◆ **Available records**
::::

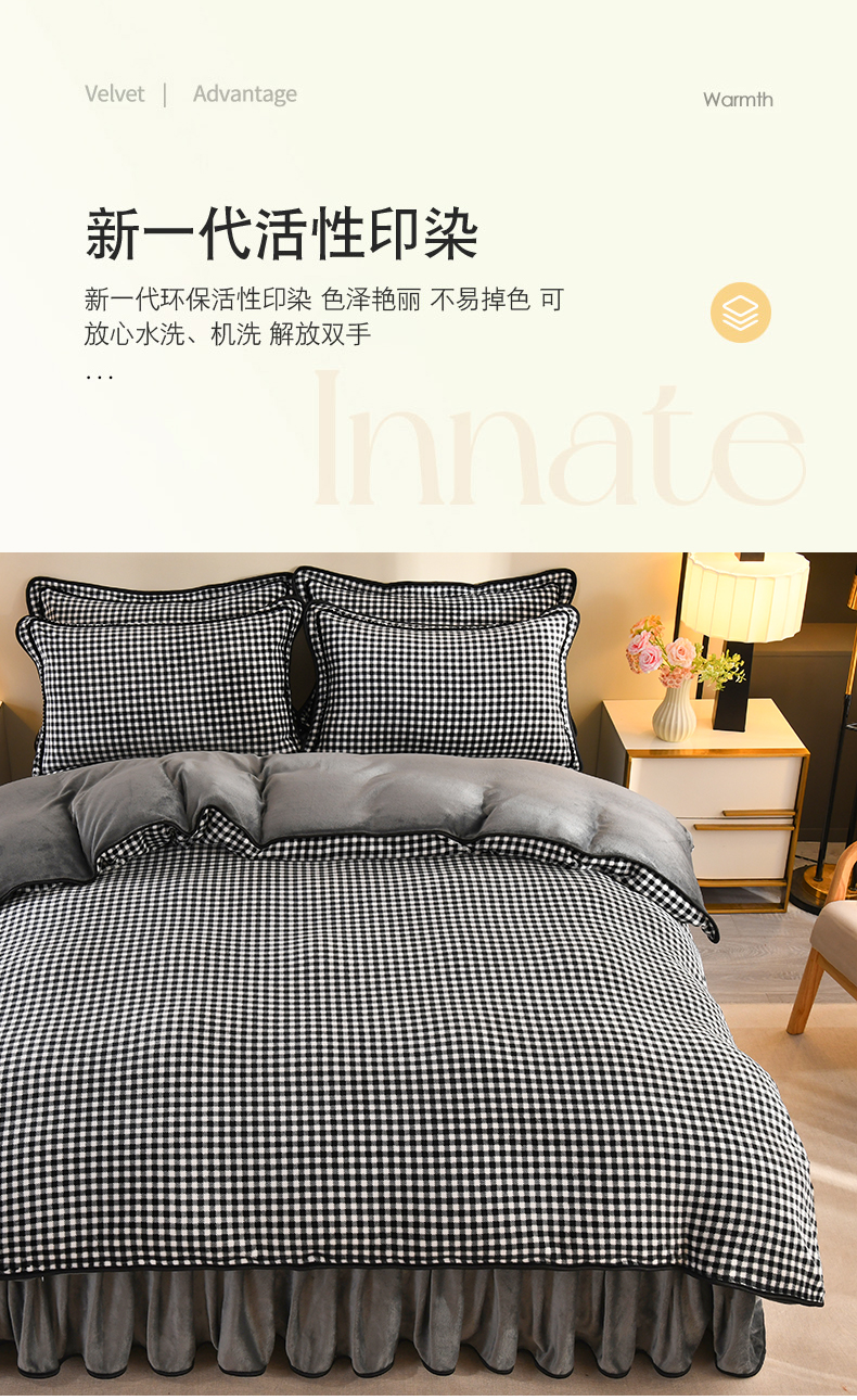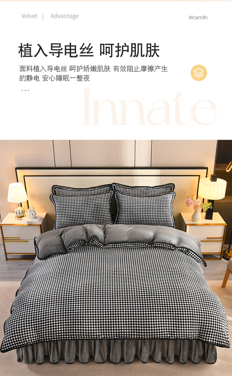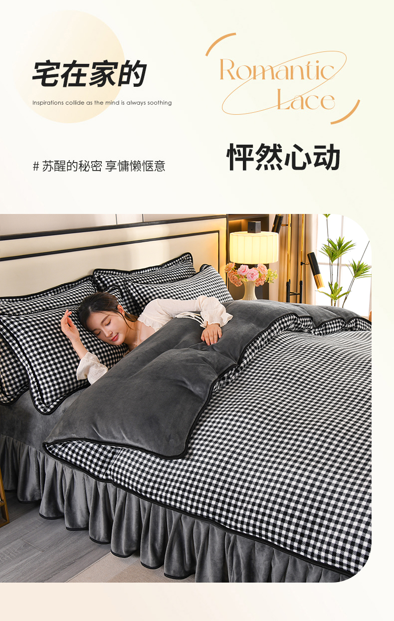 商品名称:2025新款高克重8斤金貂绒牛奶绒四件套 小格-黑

::::

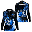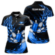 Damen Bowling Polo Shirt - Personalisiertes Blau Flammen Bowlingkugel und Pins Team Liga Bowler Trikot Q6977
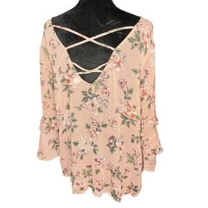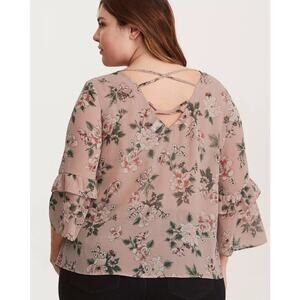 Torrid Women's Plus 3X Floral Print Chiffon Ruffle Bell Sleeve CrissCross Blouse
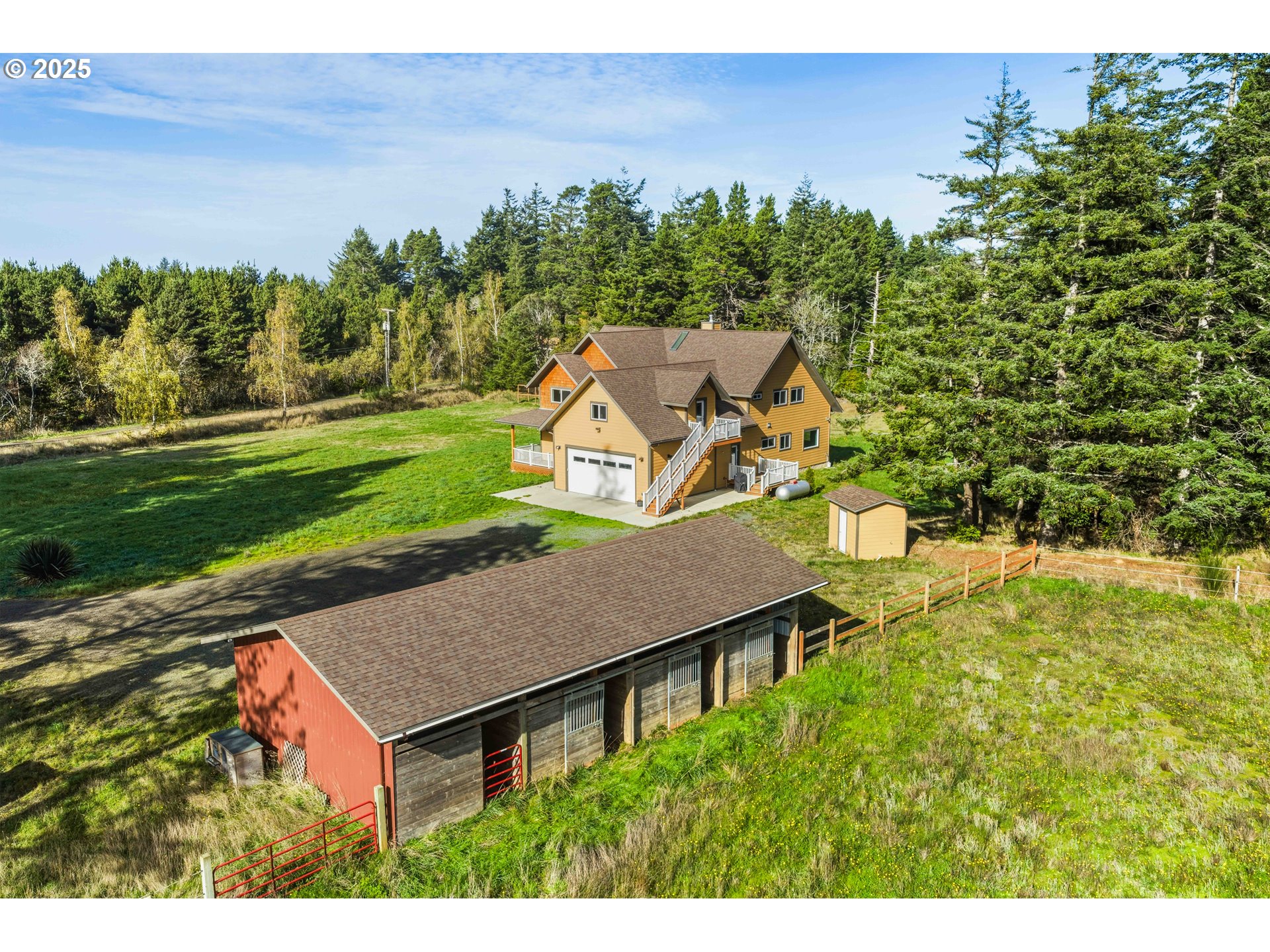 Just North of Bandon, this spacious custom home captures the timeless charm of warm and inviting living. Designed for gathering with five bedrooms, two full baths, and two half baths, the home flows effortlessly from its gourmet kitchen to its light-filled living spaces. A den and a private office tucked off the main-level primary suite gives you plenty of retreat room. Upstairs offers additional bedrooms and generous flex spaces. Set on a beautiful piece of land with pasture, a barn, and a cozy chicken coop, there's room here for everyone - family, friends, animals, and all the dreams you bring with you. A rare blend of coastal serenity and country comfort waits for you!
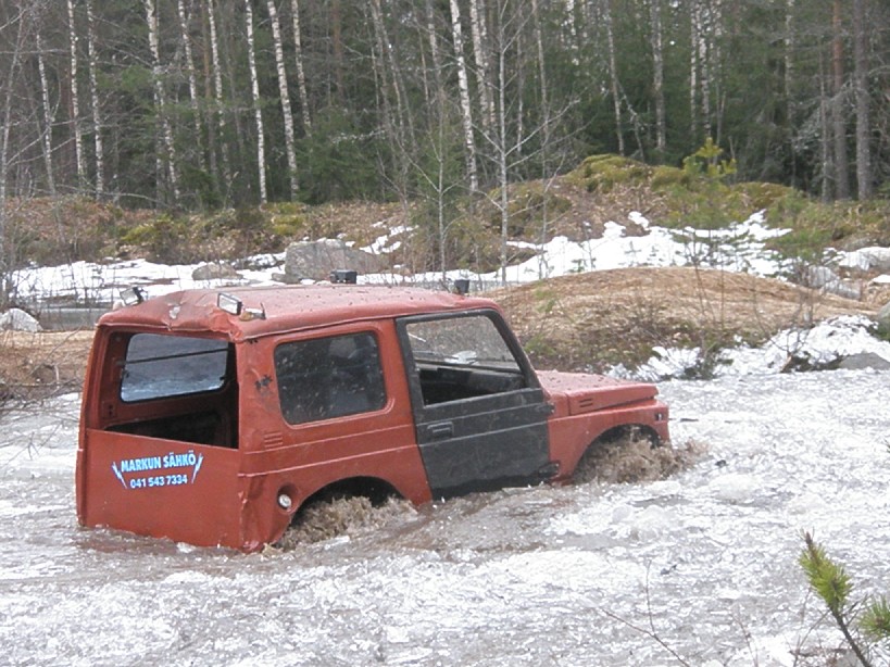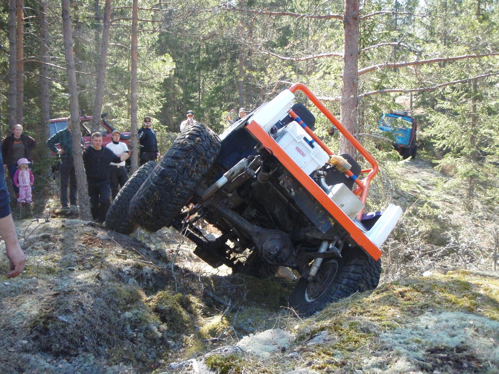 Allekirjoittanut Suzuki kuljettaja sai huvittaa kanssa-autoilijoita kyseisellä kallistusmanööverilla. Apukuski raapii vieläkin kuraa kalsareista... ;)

::::

◆ **Assignment**
Both boundary lines included, write out word for word only the lines above from the one containing "Damen Bowling Polo" to the one containing "Allekirjoittanut Suzuki kuljettaja", leaving out any pictures.

◆ **Answer to this exercise**
 Damen Bowling Polo Shirt - Personalisiertes Blau Flammen Bowlingkugel und Pins Team Liga Bowler Trikot Q6977
 Torrid Women's Plus 3X Floral Print Chiffon Ruffle Bell Sleeve CrissCross Blouse
 Just North of Bandon, this spacious custom home captures the timeless charm of warm and inviting living. Designed for gathering with five bedrooms, two full baths, and two half baths, the home flows effortlessly from its gourmet kitchen to its light-filled living spaces. A den and a private office tucked off the main-level primary suite gives you plenty of retreat room. Upstairs offers additional bedrooms and generous flex spaces. Set on a beautiful piece of land with pasture, a barn, and a cozy chicken coop, there's room here for everyone - family, friends, animals, and all the dreams you bring with you. A rare blend of coastal serenity and country comfort waits for you!
 Allekirjoittanut Suzuki kuljettaja sai huvittaa kanssa-autoilijoita kyseisellä kallistusmanööverilla. Apukuski raapii vieläkin kuraa kalsareista... ;)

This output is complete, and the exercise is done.